# Living room subwoofer for 12k cuft



## Talley (Dec 8, 2010)

I'm going to move the x4000 to the downstairs and upgrade my tired 46" to a 65" for the living room system. I have my 5 NHT superzeros that I'll install for a 5 channel system. Just need to work out the subwoofer. My living/kitchen/breakfest/dining/foyer etc all add up to 12k cuft measured by my Bosch laser tape measure.

Now this is a budget system but I just want to fill in the low end for casual TV watching and my wive will be enjoying music as well. Nothing major.

If I stuck to a single PB-1000 would I be wasting my time or would I get that low end fill I'm looking for? This would be a setup to listen around 75-80db.
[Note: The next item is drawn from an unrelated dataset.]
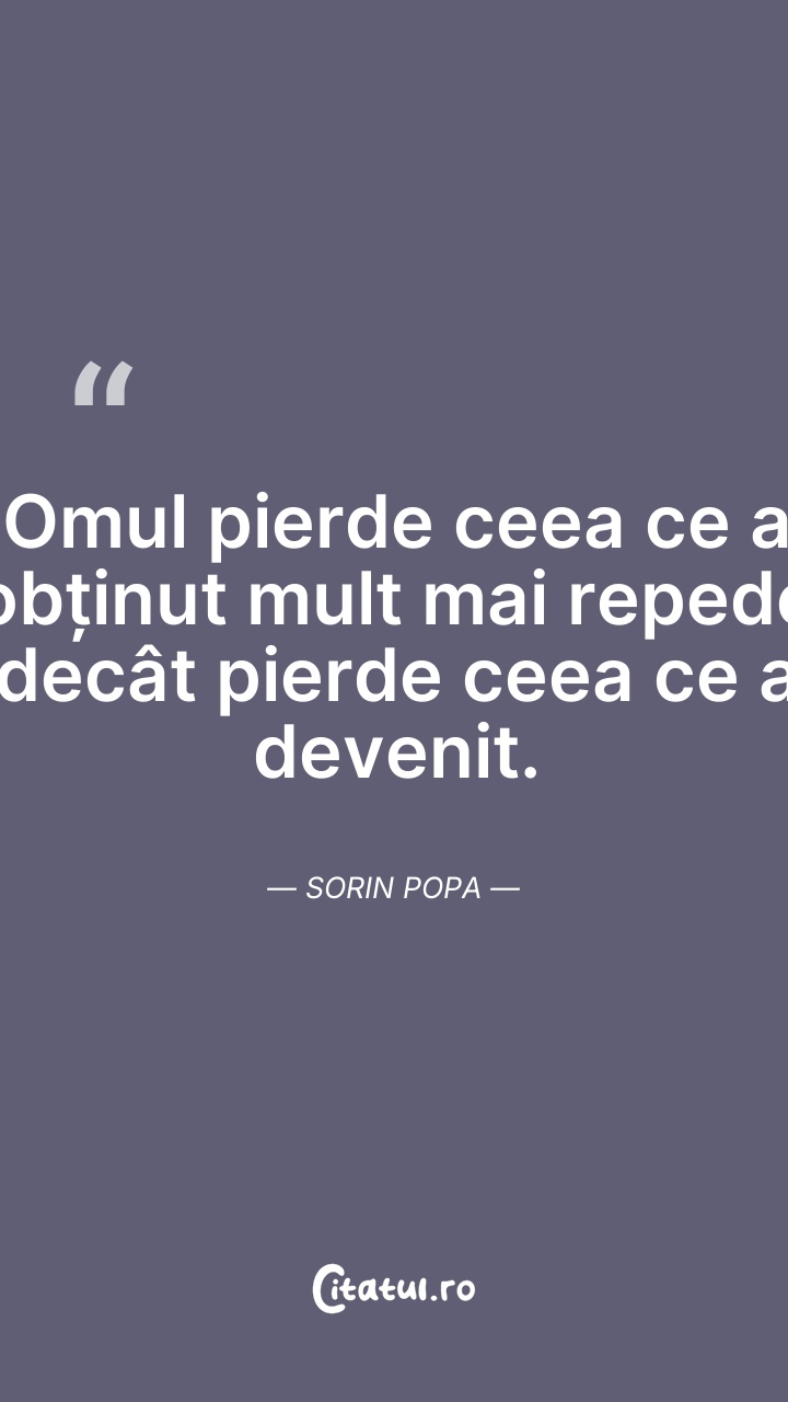 Omul pierde ceea ce a obținut mult mai repede ... Citește tot citatul >

Obviously I could do dual 24s and fill the space but that is what my upstairs is for.


----------



## theJman (Mar 3, 2012)

Is this an open concept where the 12K is essentially one single space? If so, the PB-1000 is going to be completely overwhelmed. To be honest, unless you position the speakers almost directly on top of you they aren't going to stand a chance either.


----------



## Talley (Dec 8, 2010)

anything is better then the current tv speakers lol

Yes... the entire space is open up and possibly bigger than that if any of the kids doors are open. Basically nothing I can put would amount to anything but again... better than TV speakers. I'm just going for clarity since TV speakers stink. Again... this is not for movies, I have my movie room. Just trying to figure out if a budget style subwoofer would even be viable as if would I be wasting my time or would I get some low end fill for casual TV listening


----------



## theJman (Mar 3, 2012)

Can you toss in a few more dollars? If so, I'd say go with the Rythmik LV12R. More output without spending much more money, the Rythmik would definitely fare better.


----------



## Talley (Dec 8, 2010)

theJman said:


> Can you toss in a few more dollars? If so, I'd say go with the Rythmik LV12R. More output without spending much more money, the Rythmik would definitely fare better.


If I were to toss in a few dollars I'd probably end up with the ULS-15 MK2


----------



## theJman (Mar 3, 2012)

Given that, you should probably consider the VTF-3 instead. Having heard both units I can attest to the fact the VTF in two port mode has quite a bit more output, and with as much space as you have that will prove beneficial.


----------